Reputation: 670
TL;DR I want to collect the accumulated data in the globals of each worker when the pool is finished processing
As I'm new to multiprocessing, I don't know of all the features that exist. I am looking for a way to make a worker return the value it was initialized with (after manipulating that value a bunch of millions of times). Then, I hope I can collect and merge all these values at the end of the program when all the 'jobs' are done.
import multiprocessing as mp
from collections import defaultdict, Counter
from customtools import load_regexes #, . . .
import gzip
import nltk
result_dict = None
regexes = None
def create_worker():
global result_dict
global regexes
result_dict = defaultdict(Counter) # I want to return this at the end
# these are a bunch of huge regexes
regexes = load_regexes()
These functions represents the way I load and process data. The data is a big gzipfile with articles.
def load_data(semaphore):
with gzip.open('some10Gbfile') as f:
for line in file:
semaphore.acquire()
yield str(line, 'utf-8')
def worker_job(line):
global regexes
global result_dict
hits = defaultdict(Counter)
for sent in nltk.sent_tokenize(line[3:]):
for rename, regex in regex.items():
for hit in regex.finditer(sent):
hits[rename][hit.group(0)]+=1
# and more and more... results = _filter(_extract(hits))

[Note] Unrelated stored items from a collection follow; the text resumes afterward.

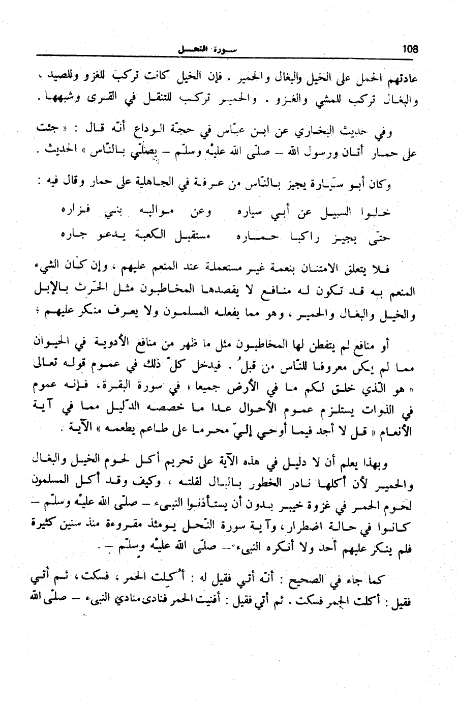 وَبِهَذَا يُعْلَمُ أَنْ لَا دَلِيلَ فِي هَذِهِ الْآيَةِ عَلَى تَحْرِيمِ أَكَلِ لُحُومِ الْخَيْلِ وَالْبِغَالِ وَالْحَمِيرِ لِأَنَّ أَكْلَهَا نَادِرُ الْخُطُورِ بِالْبَالِ لِقِلَّتِهِ، وَكَيْفَ وَقَدْ أَكَلَ الْمُسْلِمُونَ لُحُومَ الْحُمُرِ فِي غَزْوَةِ خَيْبَرَ بِدُونِ أَنْ يَسْتَأْذِنُوا النَّبِيءَ صَلَّى اللهُ عَلَيْهِ وَسَلَّمَ كَانُوا فِي حَالَةِ اضْطِرَارٍ، وَآيَةُ سُورَةِ النَّحْلِ يَوْمَئِذٍ مَقْرُوءَةٌ مُنْذُ سِنِينَ كَثِيرَةٍ فَلَمْ يُنْكِرْ عَلَيْهِمْ أَحَدٌ وَلَا أَنْكَرَهُ النَّبِيءُ صَلَّى اللهُ عَلَيْهِ وَسَلَّمَ.
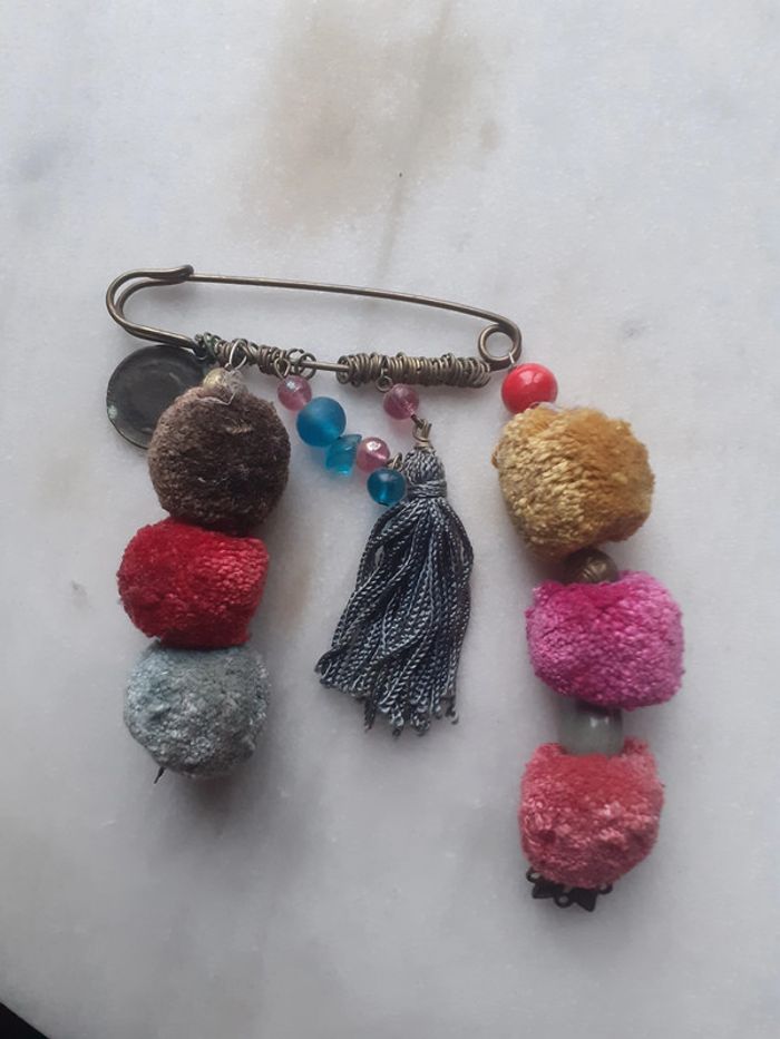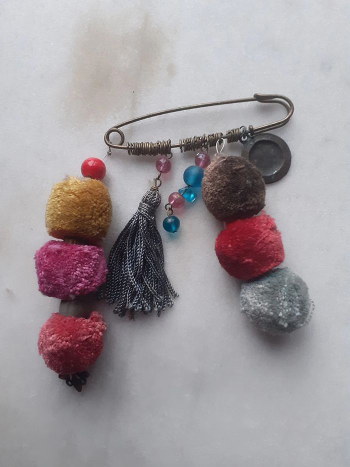 Broche pompom colorés
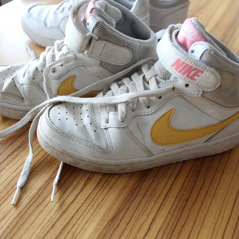 Niken air force 1 lenkkarit valkoiset, hieman värissä tummentumaa, muuten ok ja ehjät.
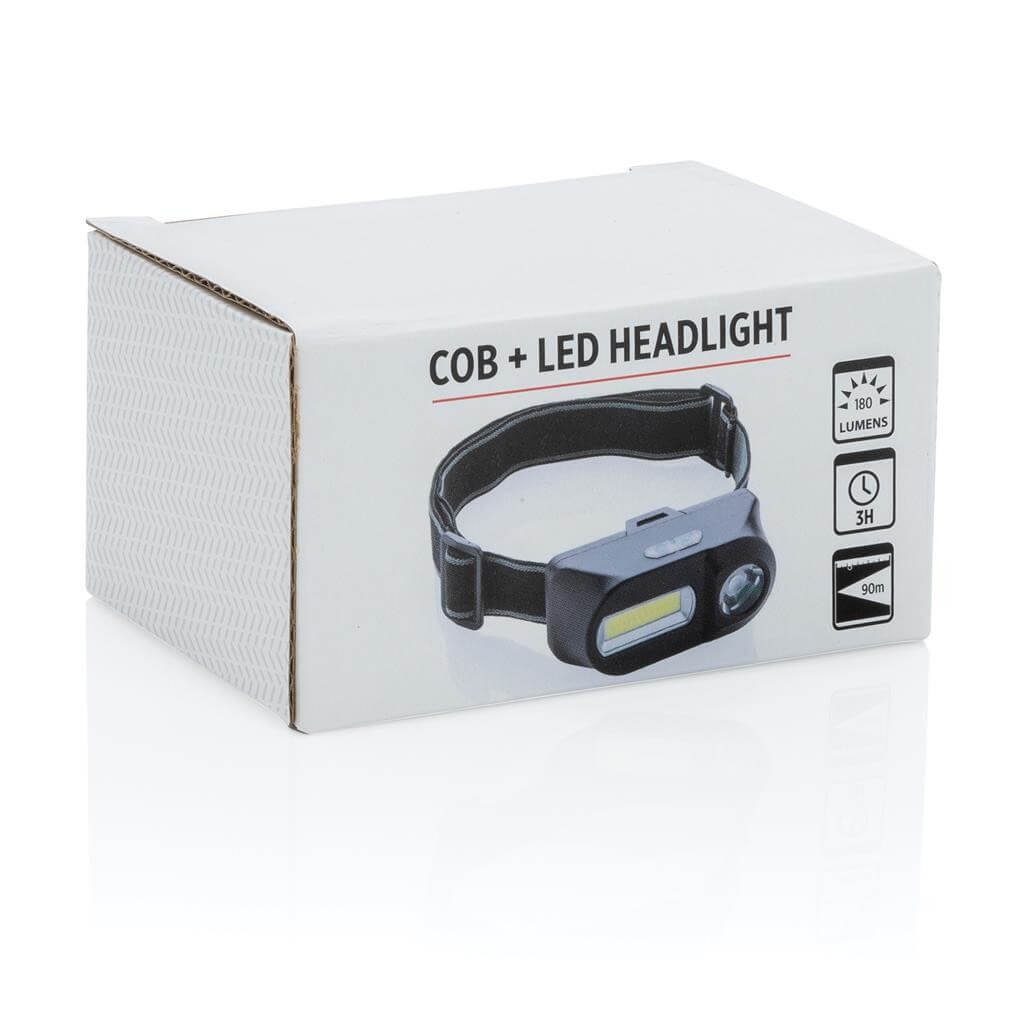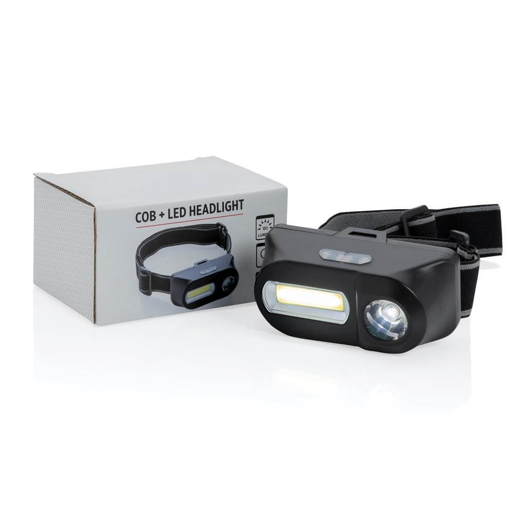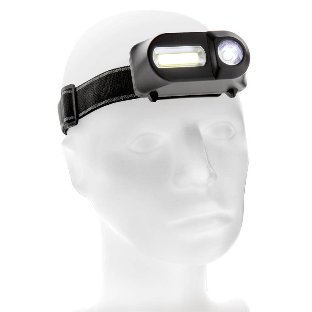 Duálna čelovka s LED aj COB svetlom. COB svetlo (180 lumenov) je ideálna na osvetlenie neďalekých priestorov. LED svetlo (90 lumenov) je potom ideálna na dlhšiu vzdialenosť (až 80 m). Obe svetlá majú 3 režimy: silné, slabé, blikajúce svetlo. Prispôsobiteľná elastická (42 cm) čelenka pre nosenie na hlave alebo na helme. Výdrž až 3 hodiny. Vrátane batérií pre priame použitie. Vyrobené z ABS. 3 batérií typu AAA Súčasti balením.

# store some data in results_dict here . . .
return filtered_hits
Class ResultEater():
def __init__(self):
self.wordscounts=defaultdict(Counter)
self.filtered=Counter()
def eat_results(self, filte red_hits):
for k, v in filte.items():
for i, c in v.items():
self.wordscount[k][i]+=c
This is the main program
if __name__ == '__main__':
pool = mp.Pool(mp.cpu_count(), initializer=create_worker)
semaphore = mp.Semaphore(50)
loader = load_data(semaphore)
results = ResultEater()
for intermediate_result in pool.imap_unordered(worker_job, loader, chunksize=10):
results.eat_results(intermediate_result)
semaphore.release()
# results.eat_workers(the_leftover_workers_or_something)
results.print()
Upvotes: 1
Views: 256
Reputation: 11075
I don't really think I understand how exactly returning the data incrementally isn't sufficient, but it kinda seems like you need some sort of finalization function to send the data similar to how you have an initialization function. Unfortunately, I don't think this sort of thing exists for mp.Pool
, so it'll require you to use a couple mp.Process
's, and send input args, and return results with a couple mp.Queue
's
On a side note your use of Semaphore
is unncessary, as the call to the "load_data" iterator always happens on the main process. I have moved that to another "producer" process, which puts inputs to a queue, which is also already synchronized automatically by default. This allows you to have one process for gathering inputs, several processes for processing the inputs to outputs, and leaves the main (parent) process to gather outputs. If the "producer" generating the inputs is IO limited by file read speed (very likely), it could also be in a thread rather than a process, but in this case the difference is probably minimal.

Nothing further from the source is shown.